Latent semantic indexing for single cell batch effects correction

This repo is for batch effects correction through LSI, which is the fully R implements of RPCI [1]

running example

we used the example data downloaded from the following links (a) the matrix file ("bcc_scRNA_counts.txt") https://ftp.ncbi.nlm.nih.gov/geo/series/GSE123nnn/GSE123813/suppl/GSE123813%5Fbcc%5FscRNA%5Fcounts%2Etxt% (b) meta_cell file ("bcc_all_metadata.txt") https://ftp.ncbi.nlm.nih.gov/geo/series/GSE123nnn/GSE123813/suppl/GSE123813%5Fbcc%5Fall%5Fmetadata%2Etxt%2E users could first processing the data using the RPCI_example_code, to check the RPCI generate cell embedding vector

head(data0@DimReduction$cell.pls)

our provided implements could be run through following code

embed <- LSI(list(dat6, dat1, dat2, dat3, dat4, dat5, dat7, dat8),var0,18,50,center=TRUE)

to make comparison

cor(data0@DimReduction$cell.pls[,dims],embed[,dims])

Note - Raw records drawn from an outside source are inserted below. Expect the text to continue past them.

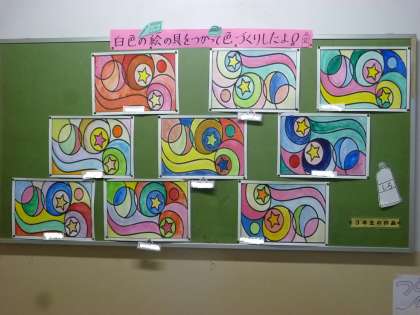 「白をつかって」、きれいな色彩のもようができました。
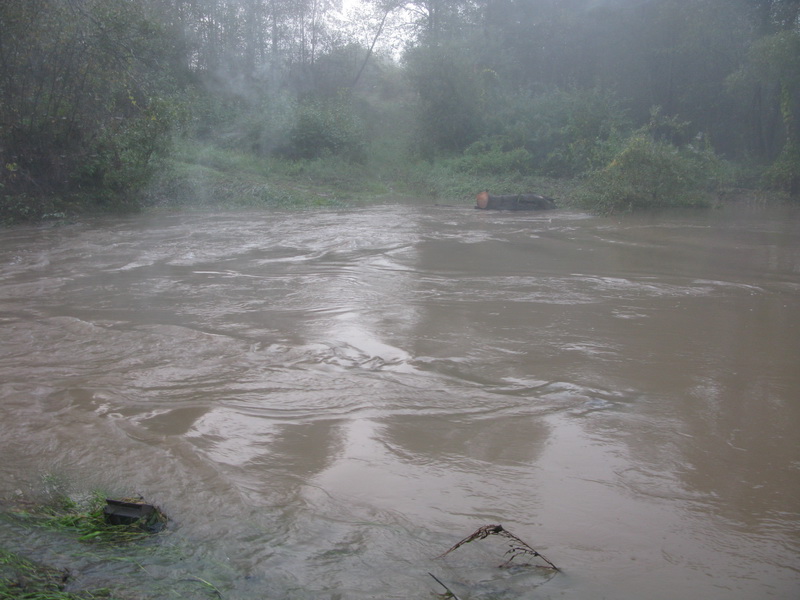Вот такие в наших краях дожди в эту осень бузуют Все тот же мостик что на предыдущем фото но перебраться на другую сторону вчера нам не судьба была Другой дороги в те края просто нет
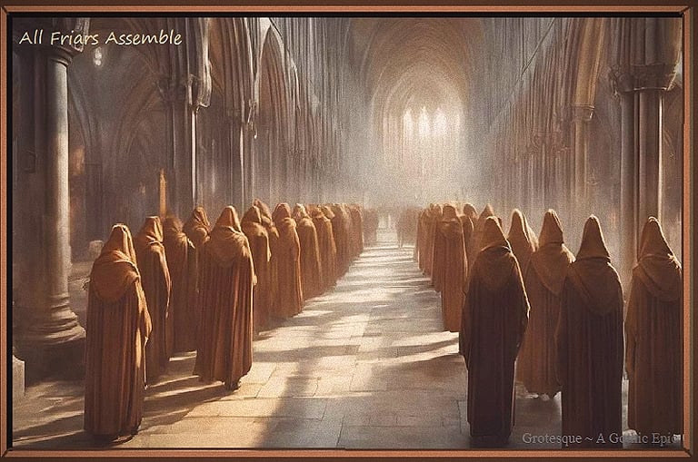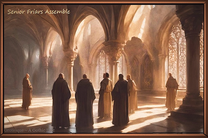 The following morning, immediately after services, Abbot Vonig calmed his concerned monks, informing them of his reassignment to Avignon. At midday, he boarded the carriage and mounted soldiers escorted him away. Blasi moved with deliberate haste. As the new abbot, he called for a meeting of only the Senior Friars of the abbey ~ only those who knew of the existence of the gatestone and the true purpose of the abbey, as its guardian. His reason for calling the meeting was simple: to dissect the body of Lower Council Friars in much the same as was the standard practice of any church inquisition. And as a College Cardinal, Blasi was quite learned of the art of witch-hunting. As he knew, the method of any inquisition was straightforward: to hold an assembly, introduce absolute authority, demand confessions of wrongdoing, and then divide the masses through testimony against one another.
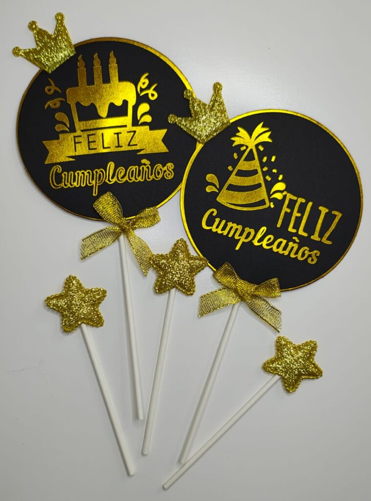 / Cake Topper Feliz Cumpleaños Circular Negro C/ Dorado Modelos Surtidos IMP. 52291
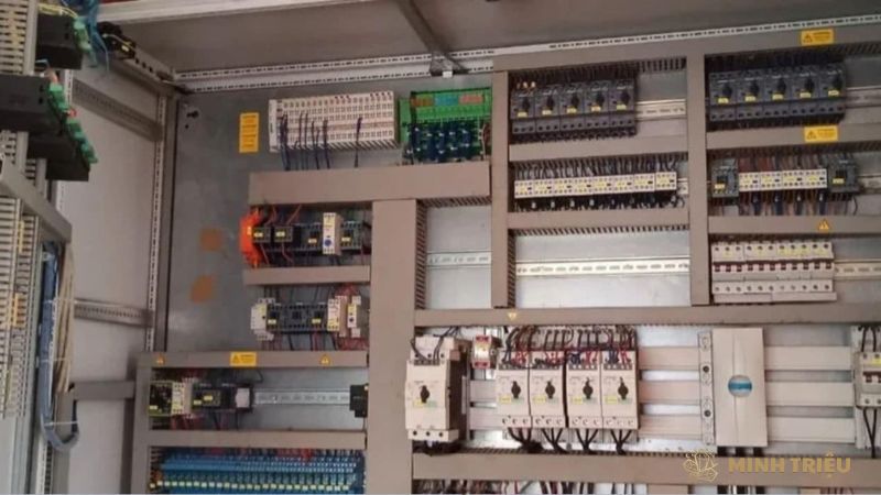 Trung tâm của tủ chính là PLC và các module I/O. Chúng được gắn trên thanh ray DIN và được đặt ở vị trí dễ tiếp cận nhất. Bộ nguồn được đặt gần PLC để đảm bảo việc cung cấp điện áp ổn định và an toàn. Các bộ chuyển đổi tín hiệu và bộ điều khiển như biến tần thường được đặt ở khu vực riêng biệt, được cách ly với các tín hiệu nhạy cảm để tránh nhiễu điện từ.
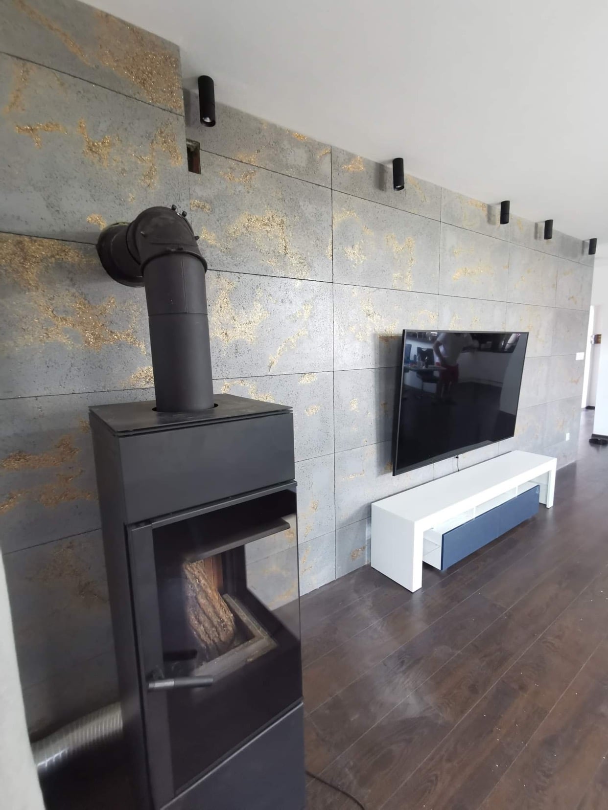 120x60x1 cm | Ciemny popiel kruszywo złote | Płyta betonowa ultralekka beton architektoniczny
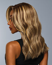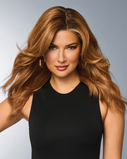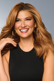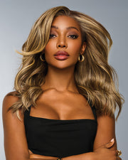 Long, wearable glam. One-length, soft waves with straightened blunt ends and a sweeping, cheek-length fringe, but the hand-tied cap is where the true magic happens. Enjoy the illusion of lush, luxurious hair without feeling overwhelmed.
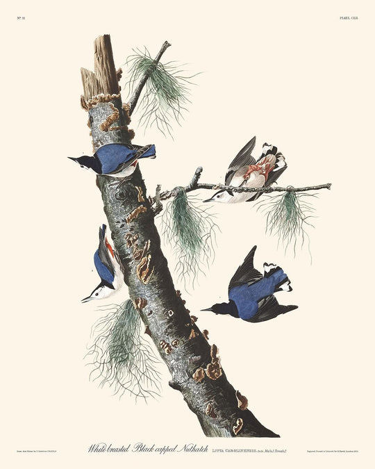 El "Trepador pechiblanco de cabeza negra" es particularmente notable debido a su encantadora representación de esta vivaz ave, conocida científicamente como Sitta carolinensis. La atención de Audubon a los detalles ecológicos y anatómicos ofrece una visión reveladora de sus comportamientos y hábitats. La interacción de grises serenos y azules sutiles proporciona un contraste exquisito con el pecho blanco como la nieve del ave, lo que hace de esta pieza una sofisticada incorporación a cualquier colección de arte.
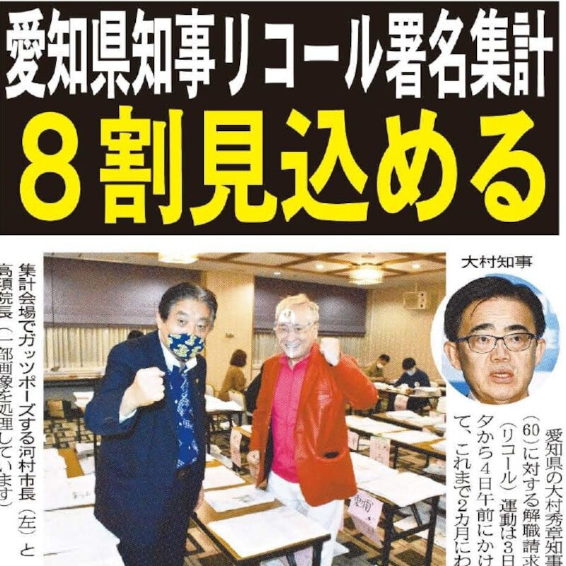 愛知県の大村秀章知事に対するリコール運動は、選挙管理委員会へ届けられた署名の合計が約43万人分でした。

I need to note that once the dims chose to > 18, two embedding would be different, the reason is that when doing second round SVD, the inner producted matrix is generated base on the first round truncted singular vector, therefore the latent dimensionality is constraint by the first round SVD (which is, in our case, 18). So if we chose a dimensions > 18 to perform SVD (50), the >=19th singular vector would be random.

[1] Liu Y, Wang T, Zhou B, et al. Robust integration of multiple single-cell RNA sequencing datasets using a single reference space[J]. Nature biotechnology, 2021: 1-8.